Bild folgtKI-generierte IllustrationCalochortus apiculatus
Auch bekannt als: Calochortus apiculatus
Wer Calochortus apiculatus einmal gesehen hat, vergisst sie nicht: Die aufrechten, cremeweißen bis zartgelben Glockenblüten fallen durch ihre feine Behaarung auf der Innenseite und die namensgebenden spitzen Blütenblattenden sofort auf. Als seltener Gast in unseren Gärten bereichert diese Pflanze aus der Familie der Liliengewächse (Liliaceae) vor allem naturnahe Pflanzungen in Gebirgslagen. Auch wenn konkrete Bestäubungsdaten für diese Art rar sind, dienen solche Zwiebelpflanzen oft als wichtige Nektarquelle für spezialisierte Wildbienen und Käfer.
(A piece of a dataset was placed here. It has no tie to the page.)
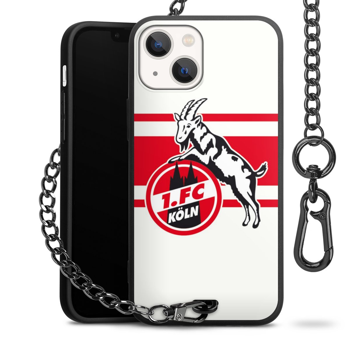 Die Handyhülle verfügt über eine mittig am unteren Rand platzierte Öse, an der die Metallkette stabil befestigt ist. Bestelle die Hülle einfach für Dein Smartphone-Modell, dann passt sie wie angegossen und Du brauchst sie bloß einmal anzudrücken. Handy in die Tasche, Karabiner an den Hosenbund – schon kann die Party starten.

Wenn du einen sonnigen, gut durchlässigen Platz im Garten hast, kannst du mit dieser Art einen echten botanischen Schatz erhalten.
Alpine Seltenheit: Die behaarte Mormonentulpe bringt Exotik und Artenschutz zusammen.
Als heimische Art in Österreich fügt sich diese Pflanze nahtlos in das regionale Ökosystem ein. Die auffälligen Blüten bieten Nektar und Pollen für verschiedene Fluginsekten, wobei besonders Schwebfliegen und solitäre Wildbienen von dem Angebot profitieren. Da die Pflanze in der Natur oft an Waldrändern vorkommt, dient sie als wichtiger Baustein für die Vernetzung von Lebensräumen. Die Samenstände können im Spätsommer von kleinen Samenfressern unter den Vögeln genutzt werden. Durch ihre Seltenheit in Gartenkultur leistest du mit der Ansiedlung einen Beitrag zur Erhaltung der botanischen Vielfalt abseits der üblichen Zierpflanzen.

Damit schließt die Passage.